▼

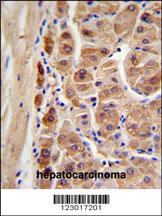 ALDH1A1 Antibody (Cat. APR03991G) IHC analysis in formalin fixed and paraffin embedded human hepatocarcinoma followed by peroxidase conjugation of the secondary antibody and DAB staining. This data demonstrates the use of the ALDH1A1 Antibody for immunohistochemistry. Clinical relevance has not been evaluated. |
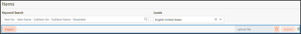 To modify multiple items at once, click Export to export the items as an .xlsx file. Modify the desired fields, click on the
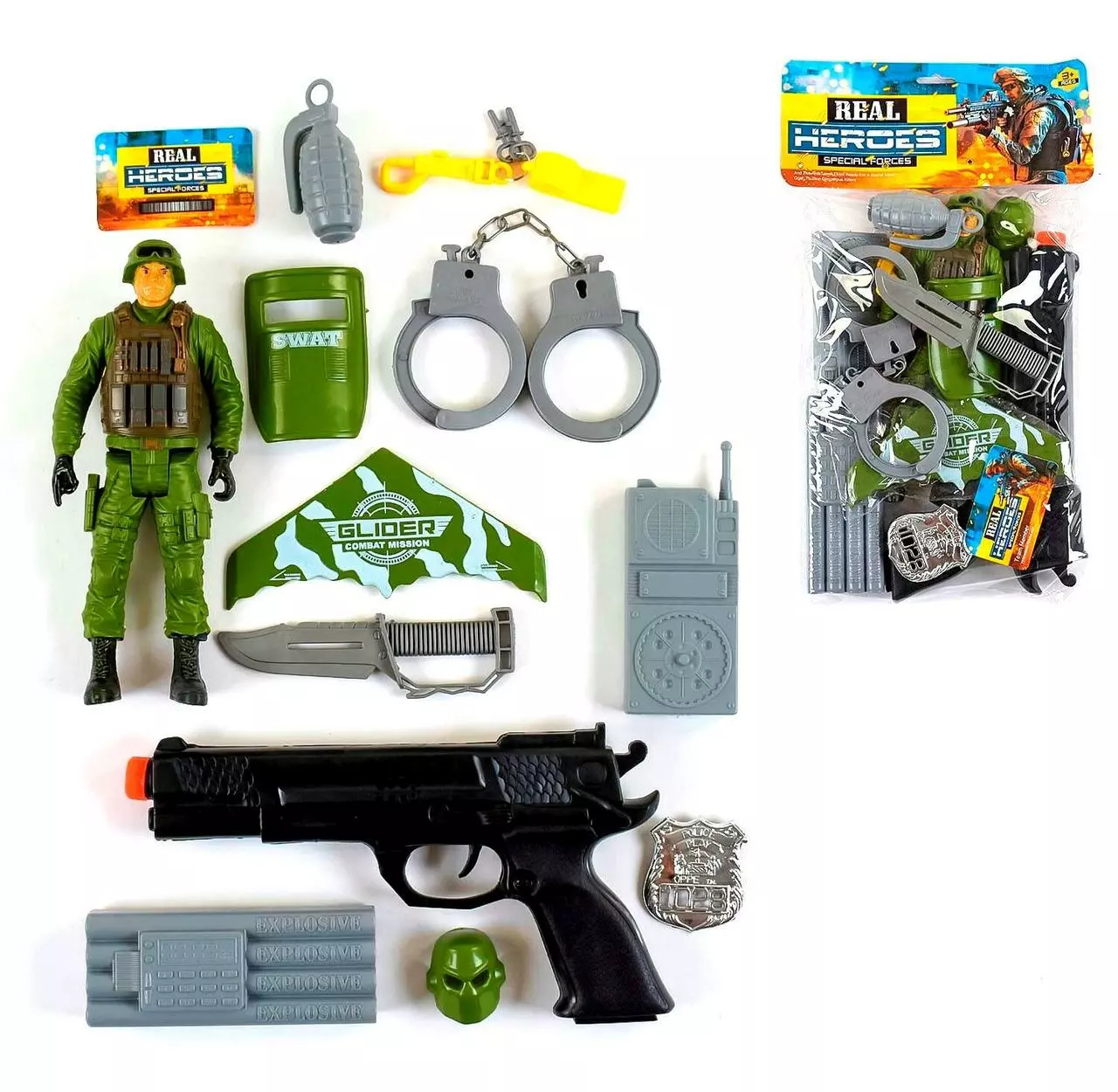 Граната; - Свисток; - Игровая фигурка солдата с военными
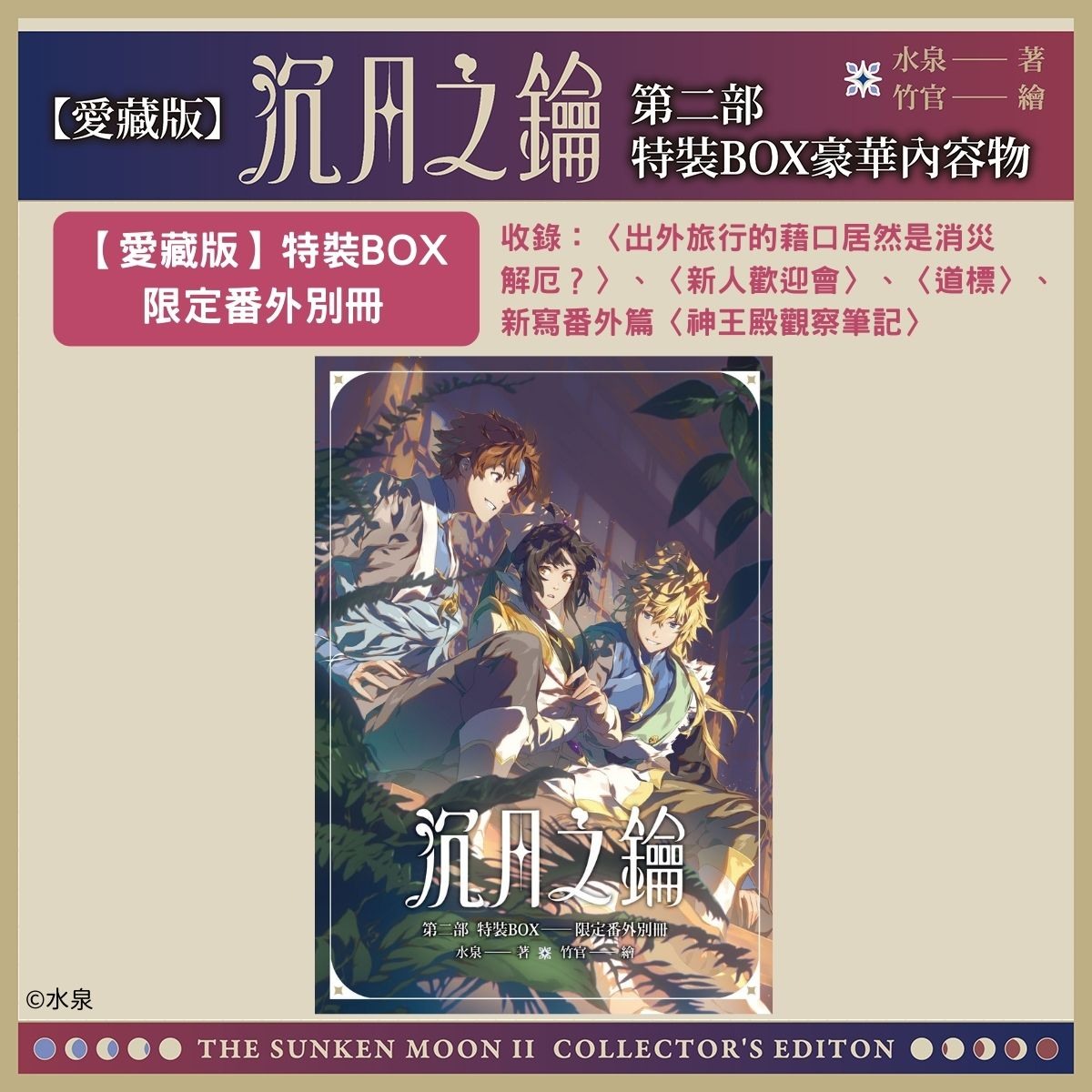 【愛藏版】特裝 BOX 完整收錄水泉《沉月之鑰 第二部》全套七卷,包含全新設計的雙書衣,以及舊版封面圖、內頁黑白插圖與內文。各卷單行本首刷特典附贈「角色手寫信件」、「小卡」、「明信片」與「小海報」。【愛藏版】特裝 BOX 收錄「限定番外別冊」,內容包括「出外旅行的藉口居然是消災解厄?」、「新人歡迎會」、「道標」,以及新寫番外篇「神王殿觀察筆記」。
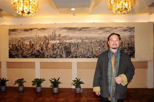 許文融的水墨長卷《臺灣風物圖》高1.8米、長320米,是許文融在19年前、時年28歲及以后數次游歷臺灣山川河湖、城鄉鎮村基礎上,于1992年至1996年間,歷時4年將臺灣的山水人文風物濃縮于320米長的畫卷之中,是當時世界最長的中國水墨巨畫。
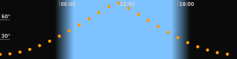 | Höchster Stand (Kulmination) | 11:51 Uhr (h = 85,6°) |

▲

Output every line of the records exactly, excluding all pictures.

- _Response area_
 ALDH1A1 Antibody (Cat. APR03991G) IHC analysis in formalin fixed and paraffin embedded human hepatocarcinoma followed by peroxidase conjugation of the secondary antibody and DAB staining. This data demonstrates the use of the ALDH1A1 Antibody for immunohistochemistry. Clinical relevance has not been evaluated. |
 To modify multiple items at once, click Export to export the items as an .xlsx file. Modify the desired fields, click on the
 Граната; - Свисток; - Игровая фигурка солдата с военными
 【愛藏版】特裝 BOX 完整收錄水泉《沉月之鑰 第二部》全套七卷,包含全新設計的雙書衣,以及舊版封面圖、內頁黑白插圖與內文。各卷單行本首刷特典附贈「角色手寫信件」、「小卡」、「明信片」與「小海報」。【愛藏版】特裝 BOX 收錄「限定番外別冊」,內容包括「出外旅行的藉口居然是消災解厄?」、「新人歡迎會」、「道標」,以及新寫番外篇「神王殿觀察筆記」。
 許文融的水墨長卷《臺灣風物圖》高1.8米、長320米,是許文融在19年前、時年28歲及以后數次游歷臺灣山川河湖、城鄉鎮村基礎上,于1992年至1996年間,歷時4年將臺灣的山水人文風物濃縮于320米長的畫卷之中,是當時世界最長的中國水墨巨畫。
 | Höchster Stand (Kulmination) | 11:51 Uhr (h = 85,6°) |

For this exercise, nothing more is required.